What’s New For Tasks in 4.4
Activities are a new way of structuring the work executed within tasks. Please see here for in-depth description.
Cluster Auto-Scaling Capability
Distributed - a.k.a. multi-node - activities can be scaled up or down by starting or stopping worker tasks. This scaling is appropriate when the distribution definition changes, e.g. number of worker tasks is increased or decreased. It should be done also when the cluster configuration changes, e.g. nodes are added or deleted.
This up/down-scaling was present in midPoint since 3.8 (as an experimental feature) in the form of workers reconciliation process. In 4.4 the following changes were done:
New auto-scaling activity was created. It periodically scans for tasks that are autoscaling-enabled and invokes workers reconciliation process on them, if the cluster state has changed in the meanwhile. (Note that we currently do not support auto-scaling triggered by changes in activity distribution definition. The user is responsible for reconciling the workers manually in that cases.)

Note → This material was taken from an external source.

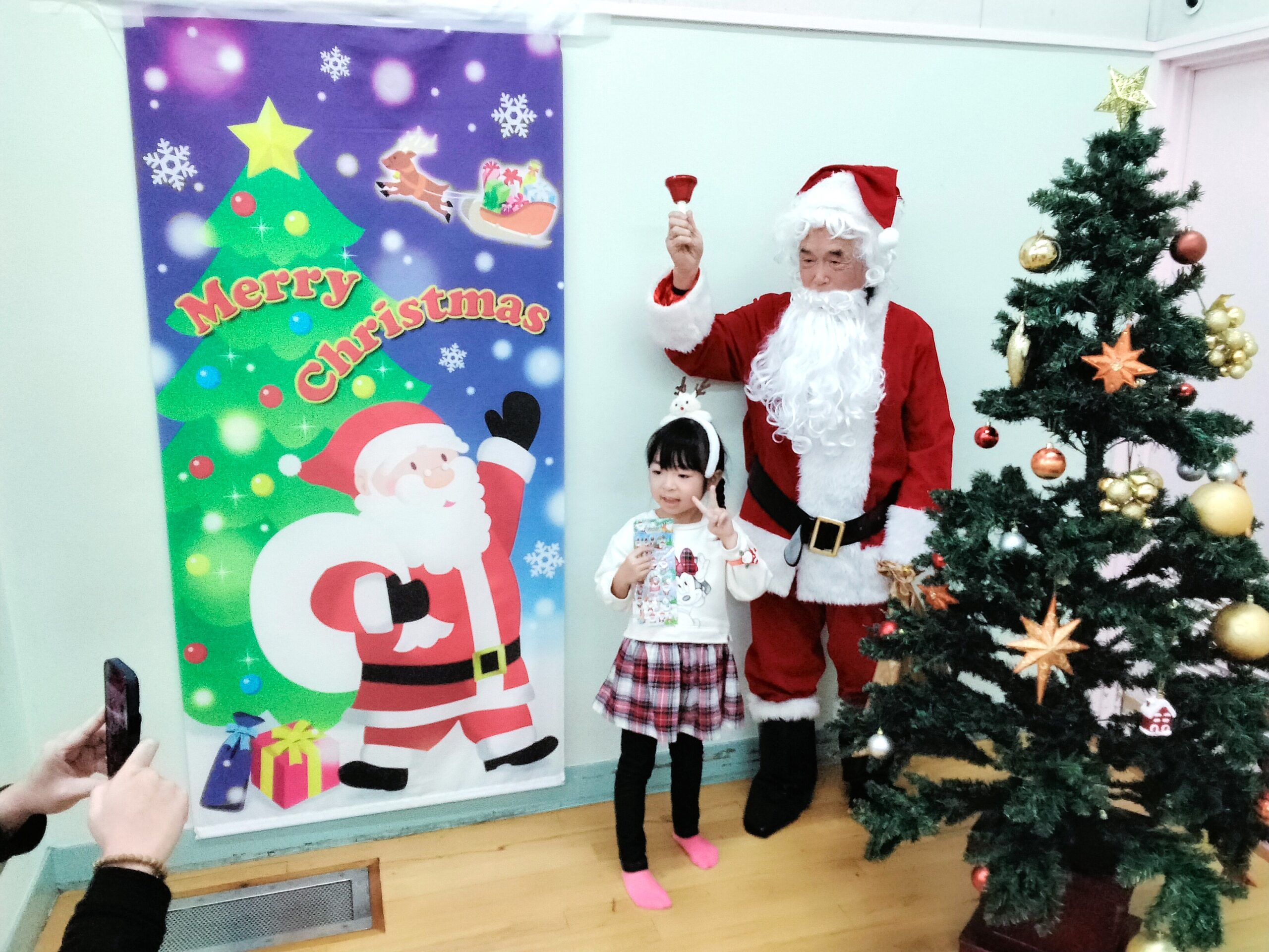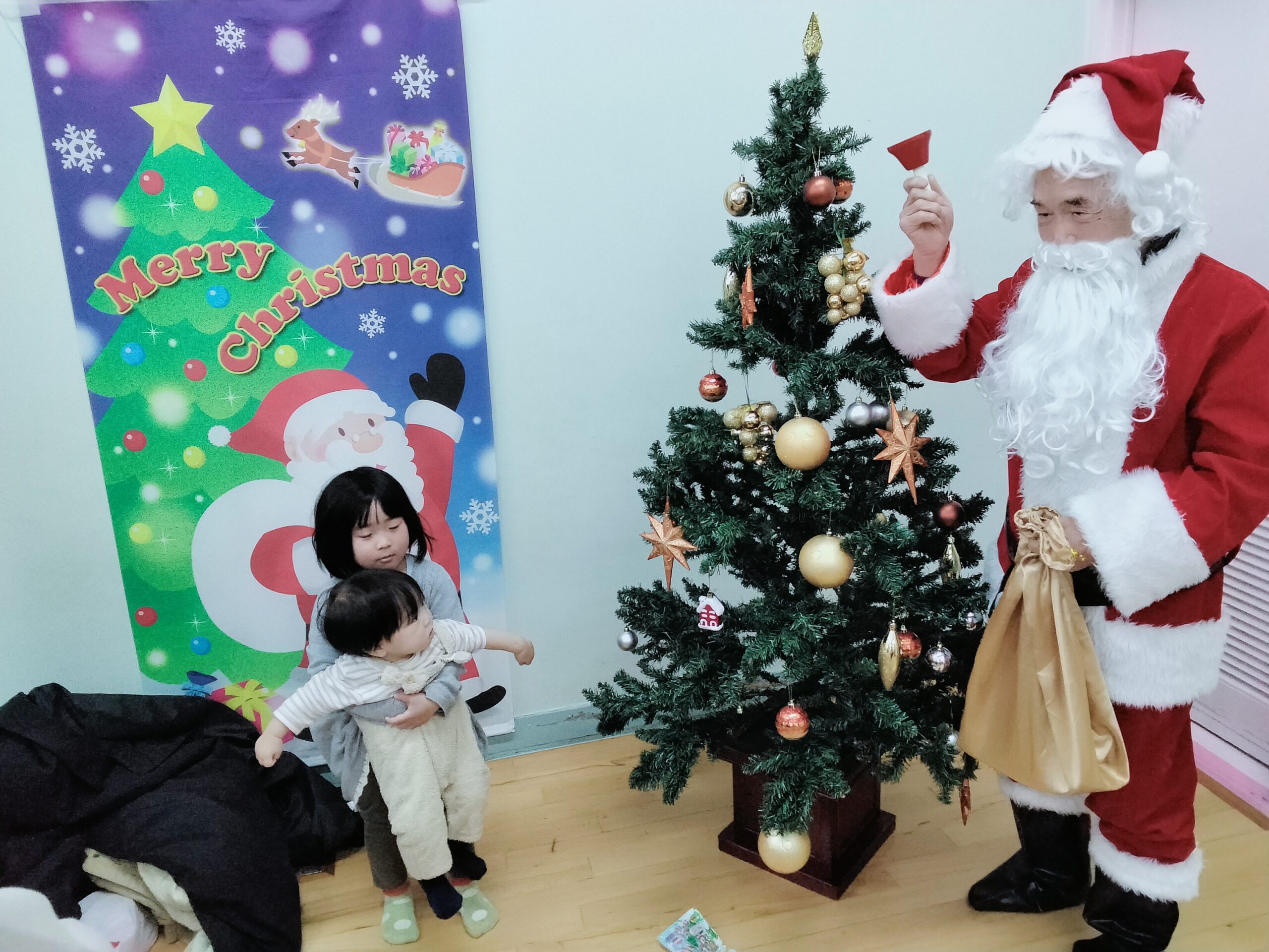 最後はみんな耳をすますとベルの音が聞こえて大きいサンタさんの登場でしたね~☆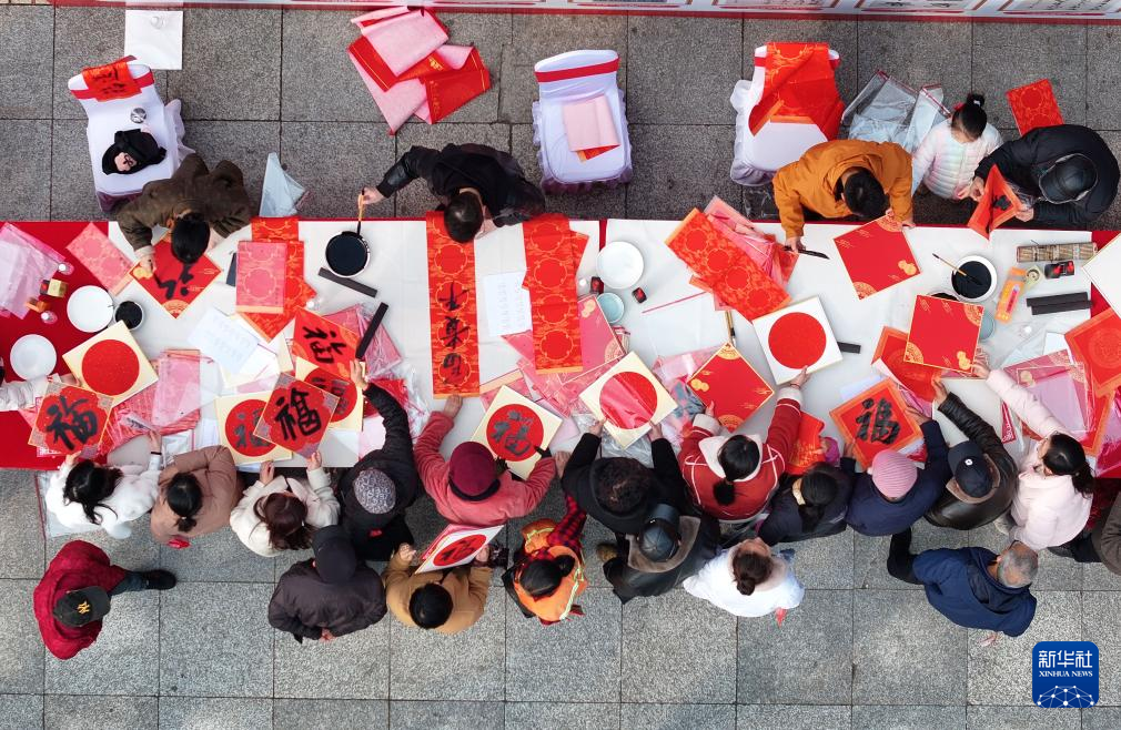 1月23日,湖南省衡阳市衡东县文体广场,书法爱好者为群众书写对联、福字(无人机照片)。

The workers reconciliation process itself was improved and fixed:
It no longer closes superfluous workers - it suspends them instead, allowing resuming them when needed.
When suspending the workers, any unprocessed buckets are returned to the coordinator to process them immediately by other workers. The same is true when the task stops for any other reason. This eliminates lengthy "scavenging" process at the end of the processing.
When in scavenging phase, non-scavenger workers are not created. Only the scavengers are.
The whole reconciliation is now driven by
node.operationalState(i.e. from repo) instead of
node.executionState(determined dynamically). So in case of unstable clusters or transition situations the results should be more predictable.
The threshold mechanism before 4.4 was limited to a single node. Moreover, the related policy rules counters were transient, so they did not survive midPoint node restarts. There were other limitations as well.
Starting with 4.4, counters for policy rules are stored persistently in the respective task objects, providing support for cluster-wide watching of policy rules thresholds, across task and node restarts.
Progress and Statistics Reporting Improvements
Progress reporting was rewritten from scratch, so it is much more reliable now. It correctly deals with tasks being structured into activities, their suspension and resuming, buckets processing, error handling, and so on.
Activity tree overview structure was introduced in the root tasks, providing key information about the execution (e.g. progress, error counts, number of running tasks on individual cluster nodes, and so on), without the need to fetch the whole task tree.
In addition to that, flexible activity reports were introduced:
ConnId operations executed,
internal operations executed.
Also, bucket size analysis mode is now available. It allows determining size of buckets before real processing starts: either all buckets, or a (random or regular) sample of specified size.
The following information is now collected per individual activities (not per tasks):
work bucket management statistics.